An earlier version of this composition is coming by as "Watermelon in Easter hay (prequel)" in the "Hammersmith Odeon" section. Other instances to raise our tears are the classical broken heart song "How could I've been such a fool" from "Freak out" and the fragment from "You didn't try to call me", included in the "Cruising with Ruben and the Jets" section.

2.7 A little green rosetta

The original recording of "A little green rosetta" is present in the Läther section. At that point it got combined with an outtake from the later "Ship ahoy". With "Watermelon in Easter hay" the story of "Joe's garage" came to an end, but there was still space left on side 4 of the vinyl album, so Zappa decided to use the "Green rosetta" theme to start a studio jam. The people working at Village Recorders could participate in the chorus. It lasts 8:14, much longer than the original recording that only states the theme a couple of times before it gets abruptly cut off.


In 1979 Zappa produced L. Shankar's album "Touch me there" for his new Zappa Records label. Shankar had made some guest appearances during Zappa's 1978 US tour. See also the previous Halloween section and the YCDTOSA section for "Thirteen". The album consists of five instrumentals with Shankar soloing on electric violin and three songs for which Zappa wrote the lyrics. One of them, "Dead girls of London", is also known via YCDTOSA vol. V. The title track shows Zappa's flexibility. During the seventies he took an anti-love song attitude on his own albums, but this one is a sensitive song, sung by Jenny Lautrec. Apparently Zappa had no problems delivering the lyrics that go as "Touch me there, I like it. Touch me there, again. Touch me there, some more" with several repetitions. On paper rather simple, but in combination with Shankar's music it works.

No more Mr. nice girl

For "No more Mr. nice girl" Shankar and Zappa co-wrote the music, all other music on the album is by Shankar alone. The opening and outchorus are included in this section because it's such a merry feel good song. It opens with a syncopic disco type vamp in A Lydian, with the chord progression I 7th- II. It's followed by a melody in E, played consequently by various instruments. Then follows a violin solo, that ends with the repeated outchorus as presented below. The bass lick from the beginning returns, whereas staff 2 contains a repeated E2 chord. Over this the violins play a sequence of 5th chords, followed by the keyboards, doing a sequence of thirds.

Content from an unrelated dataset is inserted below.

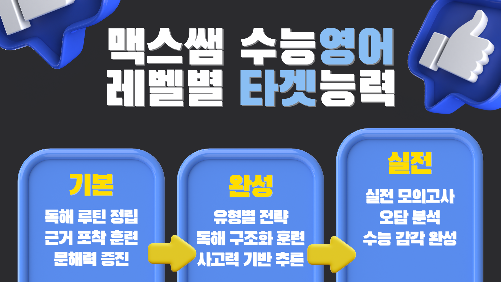 수능 영어! 단순히 암기를 넘어 대치동에서 검증된 고난도 문제풀이 전략을 전수합니다. 대기업 인사팀 경험 기반의 탁월한 멘탈 코칭으로 흔들리지 않는 학습 태도를 완성, 안정적인 1등급을 넘어 최상위권으로 이끌어 드립니다. 맥스쌤과 함께 꿈꾸는 대학의 문을 활짝 여세요!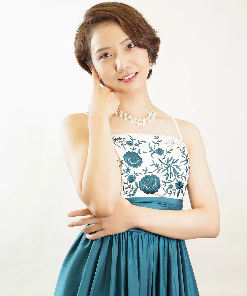 ピアニストのお客様のエメラルドグリーンのドレスを着用した宣材写真

No more Mr. nice girl, opening (midi file).
No more Mr. nice girl, outchorus (midi file).

No more Mr. nice girl, opening and outchorus (transcription).

More about collaborating with Shankar in the Documentaries section with "Strat vindaloo". In this song Zappa is creating Indian music. Shankar himself played only western music on "Touch me there".

Touch me there L. Shankar

Touch me there album cover and photo of L. Shankar.